How to Track and Limit Amazon Bedrock Usage by User

7 minute read
Content level: Foundational
0

This article provides a practical guide to implementing user-level cost tracking and usage limiting for Amazon Bedrock, helping you maintain visibility and control as your AI applications grow.

Introduction

Learn how to implement user-level cost tracking and usage limiting for Amazon Bedrock using Application Inference Profiles, CloudWatch monitoring, and custom enforcement mechanisms to maintain visibility and control over your generative AI spending.

Environment

  • AWS Services: Amazon Bedrock, AWS Cost Explorer, Amazon CloudWatch, AWS Budgets, AWS Lambda, Amazon DynamoDB, AWS Step Functions
  • Prerequisites:
    • Active AWS account with Amazon Bedrock access
    • IAM permissions for Bedrock, CloudWatch, and Cost Management
    • Basic understanding of AWS tagging and cost allocation

The Challenge

Standard AWS billing shows Bedrock costs aggregated by model and region but doesn't provide granular attribution to individual IAM users, application tenants, business units, or projects. Without this visibility, you cannot allocate costs accurately, identify high-usage users, enforce budget limits, or optimize spending based on usage patterns.


Resolution

Part 1: Tracking Usage by User

Primary Method: Application Inference Profiles (Recommended)

Application Inference Profiles (AIPs) are the production-ready solution for granular cost tracking. An AIP is a logical wrapper around a Bedrock model that allows you to apply custom cost allocation tags.

Implementation steps:

  1. Create an AIP for each user, team, or tenant via the Bedrock console or API
  2. Apply custom tags (e.g., user:alice, team:engineering, tenant:acme-corp)
  3. Use the AIP ARN in your inference API calls instead of the base model ARN
  4. Activate tags in the Billing and Cost Management console
  5. View costs in AWS Cost Explorer filtered by your custom tags

Example API call:

response = bedrock_runtime.converse(
    modelId="arn:aws:bedrock:us-east-1:123456789012:inference-profile/user-alice-profile",
    messages=[{"role": "user", "content": [{"text": "Hello"}]}]
)

Benefits:

  • Tags appear automatically in AWS Cost Explorer and Cost & Usage Reports
  • No application logic changes beyond using the AIP ARN
  • Works with all Bedrock models and supports cross-region inference
  • Native integration with AWS cost management tools

Alternative Method: CloudWatch Logs Insights

Enable Bedrock model invocation logging to CloudWatch Logs.

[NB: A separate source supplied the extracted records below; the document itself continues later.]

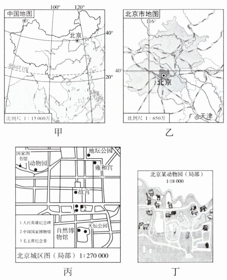 4. 调查北京天坛公园所在地区的旅游景点分布,可以选用的最合适的地图是( )
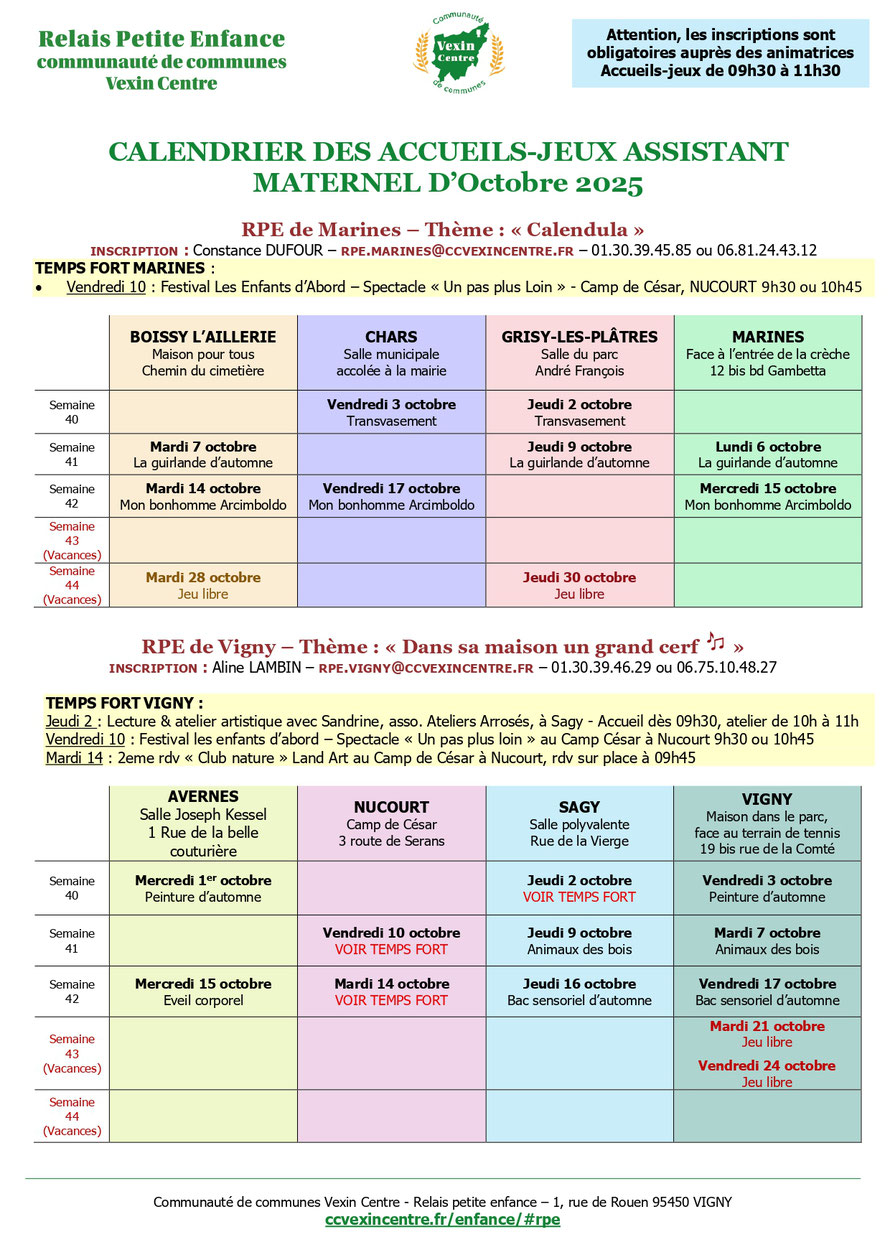 06. octobre 2025 Relais Petite Enfance : Accueils-jeux assistants maternels — planning du mois d'octobre tagPlaceholderCatégories :
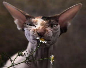 Кошечка цветочек нюхает !!! ))))))))))) См. оригинал !
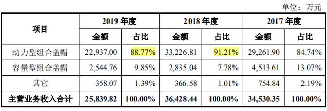 同时对于中瑞电子的主营产品动力型组合盖帽2017年-2019年销售额分别为2.93亿元、3.32亿元和2.29亿元,占公司整体营业收入的84.74%、91.21%和88.77%,该类产品主要应用于下游新能源汽车、电动自行车、电动工具、智能家居等领域。报告期内,该产品毛利率为37.96%、34.96%和29.38%,销售额和毛利率均呈现出快速下滑趋势。
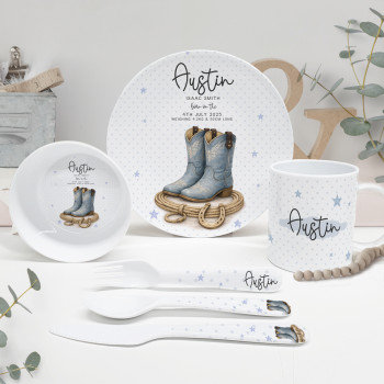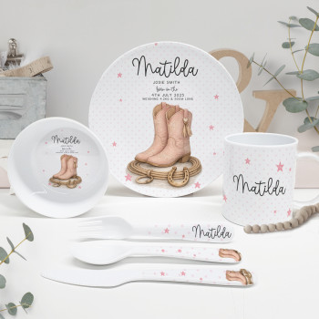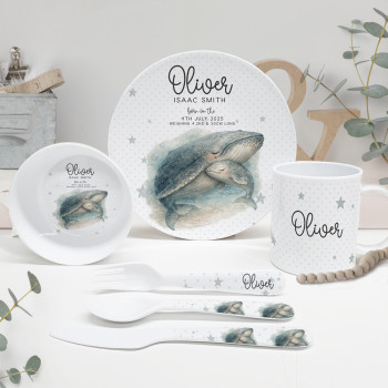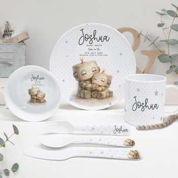 Make mealtime extra special with our Personalised Melamine Baby Dinner Gift Sets, now beautifully packaged in a personalised gift box with handles, printed with your child’s birth details and a special message — the perfect keepsake they’ll treasure for years to come. Each set includes a Plate, Bowl, Mug, Knife, Fork & Spoon, all bright, glossy, and Mini Peep tested and approved! It’s the ultimate dinner accessory and a thoughtful Birthday Gift, Christening Gift, Naming Day Gift, or New Baby Keepsake.

Each log entry includes the identity.arn field for querying usage by IAM principal.

Implementation steps:

  1. Enable model invocation logging in the Bedrock console
  2. Query token usage using CloudWatch Logs Insights
  3. Create dashboards for visualization

Query example:

fields @timestamp, identity.arn, inputTokenCount, outputTokenCount
| filter identity.arn like /user\/alice/
| stats sum(inputTokenCount) as totalInput, 
        sum(outputTokenCount) as totalOutput by identity.arn

When to use:

  • Need detailed request-level analysis for debugging
  • Want to attribute costs without creating AIPs
  • Require audit trails for compliance

Limitations:

  • Not integrated with AWS Cost Explorer
  • Requires custom queries and dashboards
  • Additional CloudWatch Logs costs apply

Supplementary Method: Converse API Request Metadata

For applications using the Converse API, include custom metadata with each request:

response = bedrock_runtime.converse(
    modelId="anthropic.claude-3-sonnet-20240229-v1:0",
    messages=[{"role": "user", "content": [{"text": "Hello"}]}],
    requestMetadata={"userId": "alice", "tenantId": "acme-corp"}
)

This metadata appears in CloudWatch Logs and enables custom cost attribution logic when combined with log analysis.


Part 2: Limiting Usage and Controlling Costs

AWS does not provide native IAM policies to limit Bedrock API calls or token consumption. Implement controls using these mechanisms:

MethodEnforcement SpeedComplexityBest For
CloudWatch Alarms + LambdaNear real-time (minutes)MediumAutomated responses to usage spikes
AWS BudgetsDaily updatesLowCost-based alerts and notifications
Application-Layer GatewayReal-time (milliseconds)HighStrict quotas and rate limiting

Method 1: CloudWatch Alarms with Automated Response

Implementation steps:

  1. Create CloudWatch metrics for token usage per AIP
  2. Set alarms at threshold values (e.g., 1M tokens/day)
  3. Configure alarm actions to trigger Lambda via SNS
  4. Lambda function updates IAM policies or sends notifications

Architecture: CloudWatch Alarm → SNS → Lambda → IAM policy update or access control

Best for: Automated enforcement with acceptable latency (5-15 minutes)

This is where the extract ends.